Green ticks indicate mutant viability, and circled green ticks indicate wild-type phenotype. Red crosses indicate failure to disrupt the gene, and red exclamation marks indicate a phenotype different from wildtype. The icons are either shown in full opacity (indicating they apply to the gene in the species queried) or semi-transparent (indicating they refer to orthologous genes in other species).
Figure 2. The phenotype page for the P. vivax CRK4 gene.
Though no experimental data is available directly from P. vivax, published results are shown from P. berghei and P. falciparum, with references to the original datasets from which likely data in P. vivax could be inferred. This gene is essential and has therefore been refractory to all attempts to disrupt it by classical reverse genetics, but a conditional system has also been recently applied in P. falciparum, allowing a more detailed phenotype to be assigned to the gene from our taxonomy.
Literature review
A scan was made of the Plasmodium literature using Google Scholar (which provides full-text search for a large proportion of publications) to identify reported attempts at P. falciparum gene disruption for curation. Terms for which complete literature scans were made included ‘“attempts to disrupt” falciparum’, ‘“gene disruption of” falciparum’ ‘“gene deletion construct” falciparum’ and ‘“gene disruption construct” falciparum’. Numerous additional terms were used, and the first 10 pages of results for each search were manually curated and added to the database. In addition, genes with a suggested role in erythrocyte invasion were systematically curated by searching for all references to any version of their gene IDs, as discussed below.

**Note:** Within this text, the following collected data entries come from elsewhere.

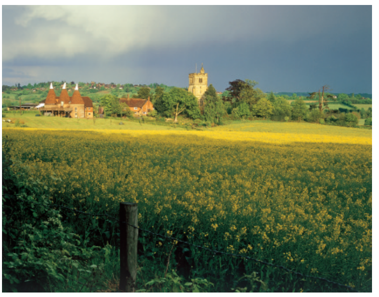
Horsemonden Church Rapefield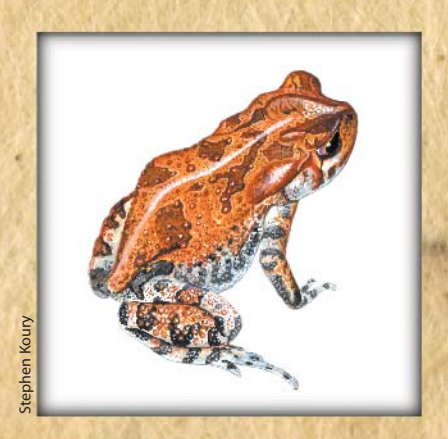
Southern Toad Bufo terrestris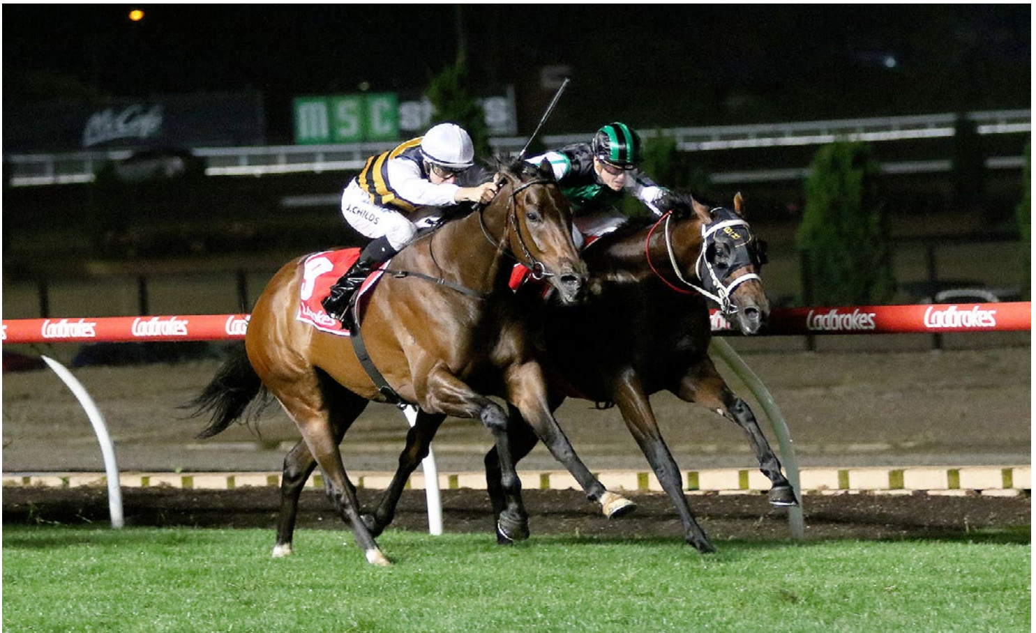
Persian Empire (inner) will have his first New Zealand start in the Gr.2 Electrolux Avondale Guineas (2100m) tomorrow

One challenge when conducting literature searches into Plasmodium proteins is the fact that the numerous iterative improvements made to Plasmodium genome assemblies mean that a gene could be referred to by any of numerous current or historic gene IDs. To assist with this, the PhenoPlasm page for each gene contains a link to conduct a custom boolean search on Google Scholar, searching article full text for any of the historic gene identifiers which have been historically used to refer to the gene, as provided by PlasmoDB ( Aurrecoechea et al., 2009). Links are also provided to other databases, including searches for pathways and localization images on the Malaria Metabolic Pathways Site.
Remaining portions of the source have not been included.